If you are currently still in a loss, you must take a good look at the following content. This is a concise yet very practical cryptocurrency trading strategy:

1. Divide your available funds into five equal parts. For example, if you have 10,000, split it into five parts, using 2,000 for each trade.

2. Use one part of the funds to buy a cryptocurrency at the current price.

3. If the cryptocurrency price drops by 10%, buy another part.

4. When the cryptocurrency price rises by 10%, sell one part.

5. Repeat the above steps until all funds are used up or all cryptocurrencies are sold.

With this strategy, once you buy in, you don't have to worry even if the cryptocurrency price drops, because when the price drops, we will continue to buy. In fact, if all five parts of the funds are used up, the cryptocurrency price has dropped by at least nearly 50%. Unless there is a major market crash, the price won't drop that quickly.

From a profit perspective, each time you sell, the funds will bring a 10% profit. Taking an example of 100,000 total funds, if you use 20,000 each time, then each sale will yield a profit of 2,000.
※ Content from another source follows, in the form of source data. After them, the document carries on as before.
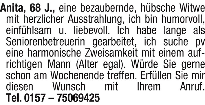 Eine bezaubernde, hübsche Witwe mit herzlicher Ausstrahlung.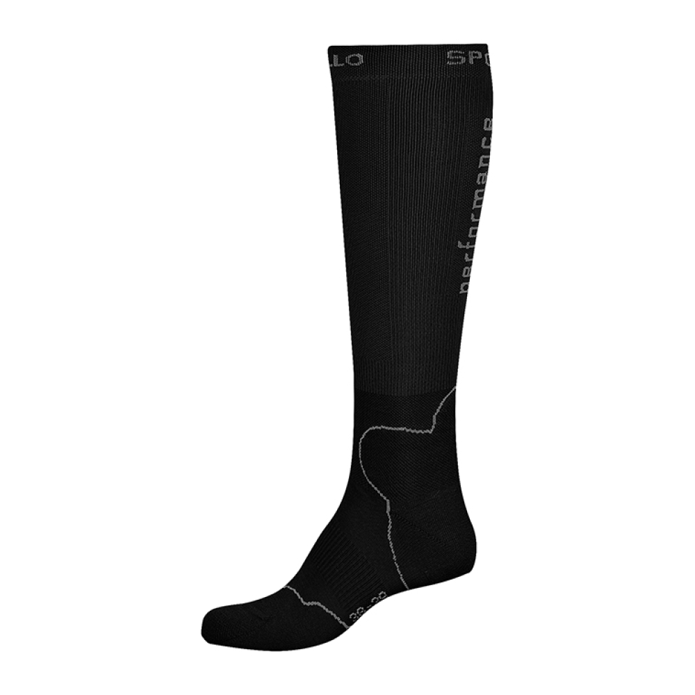 Deze modieuze e technische kousen van Cavallo zijn verstevigd bij de voet en enkel. De schacht/kuit van de kousen is van zeer elastisch materiaal wat compressie uitvoert op de kuit. Dit bevorderd de bloedcirculatie en gaat verdikking van de benen door vocht tegen.Op de kuit/schacht van deze technische kous staat Performanceen aan de bovenrand staat Cavallo Sports.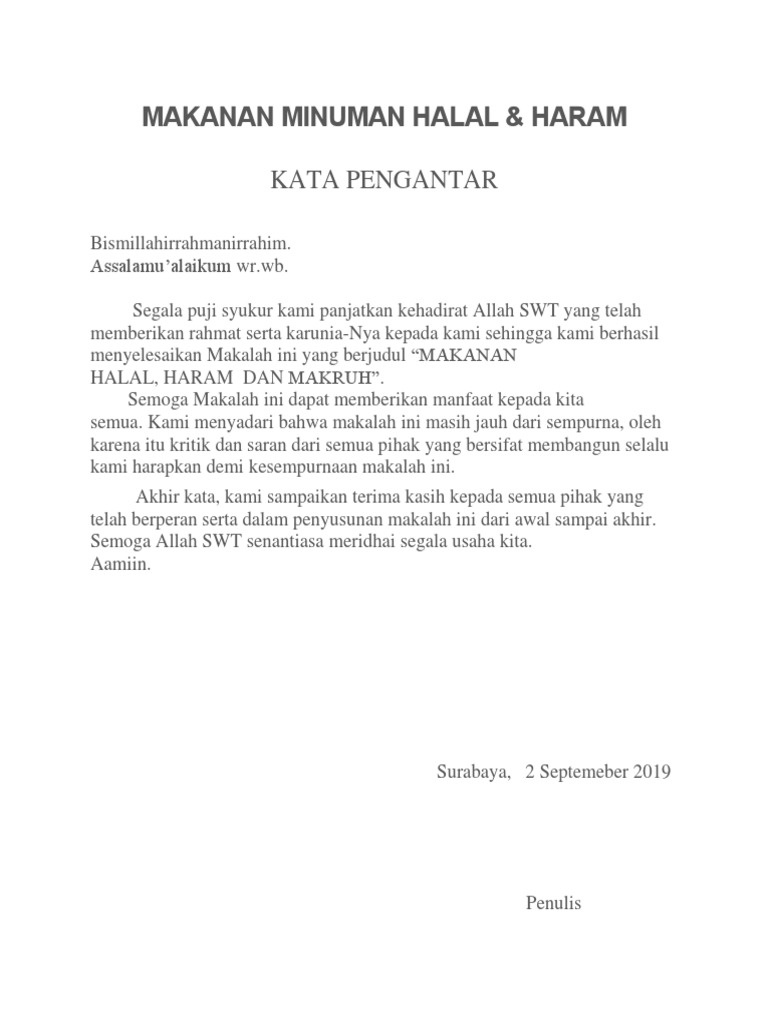 Doc Makalah Agama Islam Makanan Dan Minuman Haram Docx Weny Novianti Academia Edu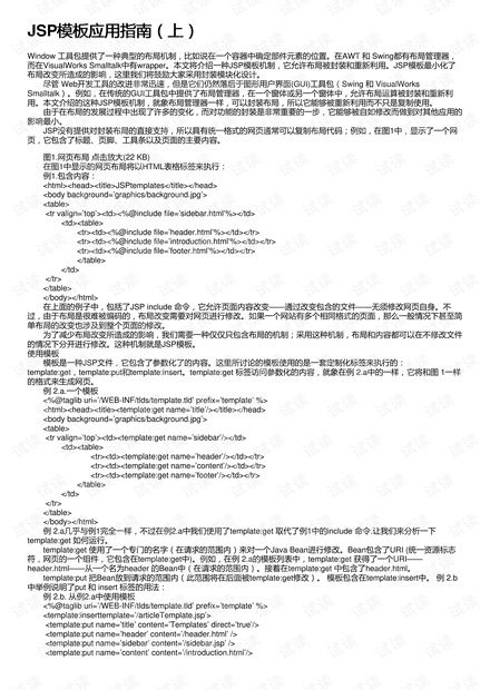 示例:<%-- 这是一个JSP注释 --%> 3. Java注释:在嵌入的Java代码段中使用,包括单行注释(//)和多行注释(//),这些注释只在Java代码段中有效,不会影响HTML或JSP标签。
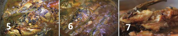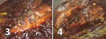 下入鲫鱼和嘎牙子,加醋去腥味儿,再加入适量酱油、盐、白糖,大火烧开,转小火炖 20 分钟,汤汁收浓即可出锅装盘。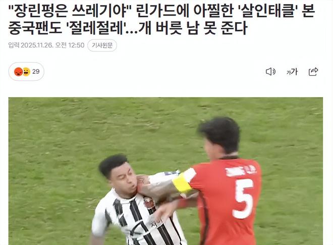 韩媒对张琳芃给林加德的凶铲进行了狠批,标题大意是林加德险遭凶狠飞铲,连中国球迷看了都直摇头。文章配图有两张图片,一张是张琳芃手推林皇面部(上图)标,另一张是飞铲时的镜头(下图)。

However, this strategy also has certain issues. A 10% fluctuation is relatively large, which may make trades difficult to execute, requiring longer wait times. This can affect the efficiency of fund usage, as funds may remain idle for a long time or be continuously occupied by a specific cryptocurrency.

However, this issue can be resolved by reducing the fluctuation range. For example, you could choose to buy more stable cryptocurrencies and invest in Binance wealth management products when funds are idle. This way, you can earn additional returns while waiting for cryptocurrency price changes.